■ **Directions for this task**: Word for word, restate the lines from the top of the records below through the line with "Lv Shopper 棋盘格托特包Tote包购物袋手提包", both included, with no pictures in the result.

■ **Records provided**:
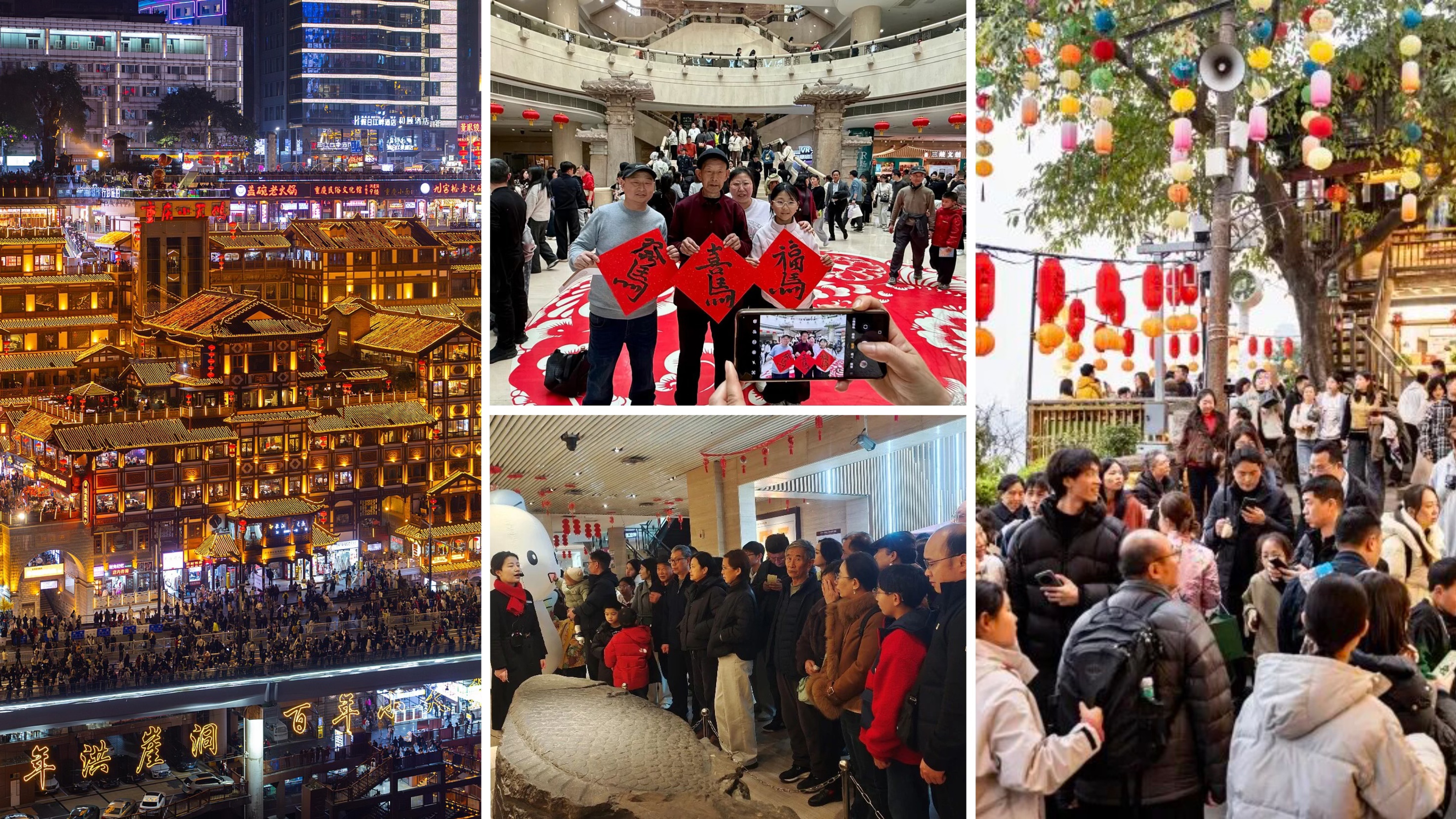 在渝中区十八梯传统风貌区,马年新春系列活动热闹开启,打灯笼、逛花街等传统民俗活动精彩不停。在巴南区木洞河街,巨龙翻腾,气势磅礴,市民游客追随着舞龙艺人,赞叹声、欢笑声连成一片。在两江新区渝味360碗国潮美食街区,非遗表演打铁花人气十足,滚烫的铁水在夜空中绽放成璀璨花火,寓意新的一年红红火火。
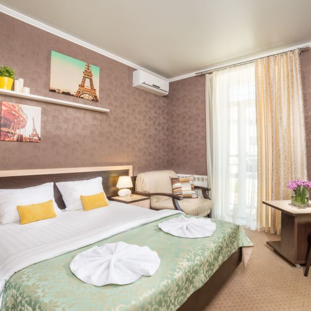 Чистый номер, кондиционер, телевизор, холодильник. Питание хорошее, шведский стол. Море рядом. Магазины 10 мин продуктовый , остальные 15- 25 мин и автовокзал. Подробнее
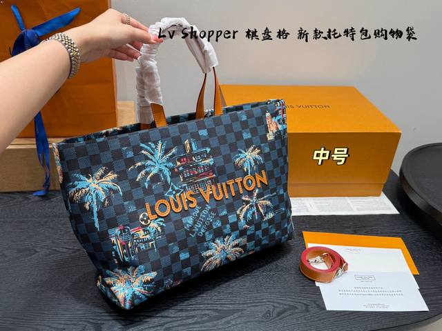 Lv Shopper 棋盘格托特包Tote包购物袋手提包 Damier Palm Trees
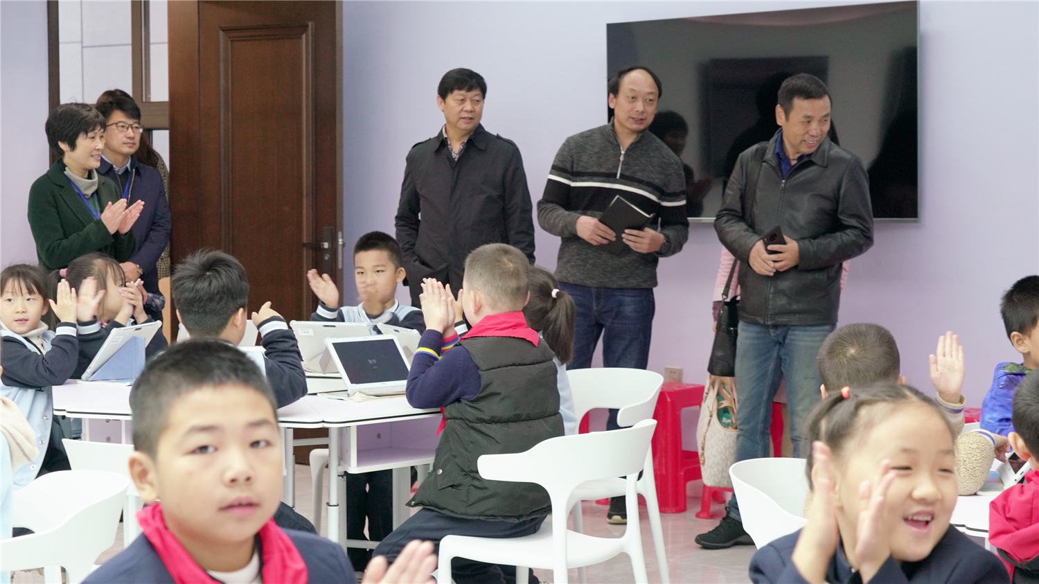 周主任一行参观了教学楼及校园文化展示厅、未来教室、电子书法室、电子沙画室、VR虚拟体验室等功能室,在未来教室观摩了我校一年级胡靖雯老师的智慧课堂,在教学楼观看了八年级周兵老师的数学课。周主任对我校的现代化智慧校园建设高度评价,对老师和孩子们在课堂上娴熟使用现代化教学设备开展教学表示赞赏。
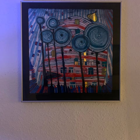 Hundertwassers poetiske billedunivers, der blandede figuration og abstraktion, er også inspireret af Paul Klee. Mennesker i storbyen, huse, vinduer og gadeforløb skildres i overensstemmelse med hans visioner om et tættere forhold mellem kunstnerisk skaben, natur og samfund.
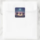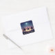 Silhouetted against a starry night sky are three wise men journeying towards a bright star.

■ **Expected output**:
 在渝中区十八梯传统风貌区,马年新春系列活动热闹开启,打灯笼、逛花街等传统民俗活动精彩不停。在巴南区木洞河街,巨龙翻腾,气势磅礴,市民游客追随着舞龙艺人,赞叹声、欢笑声连成一片。在两江新区渝味360碗国潮美食街区,非遗表演打铁花人气十足,滚烫的铁水在夜空中绽放成璀璨花火,寓意新的一年红红火火。
 Чистый номер, кондиционер, телевизор, холодильник. Питание хорошее, шведский стол. Море рядом. Магазины 10 мин продуктовый , остальные 15- 25 мин и автовокзал. Подробнее
 Lv Shopper 棋盘格托特包Tote包购物袋手提包 Damier Palm Trees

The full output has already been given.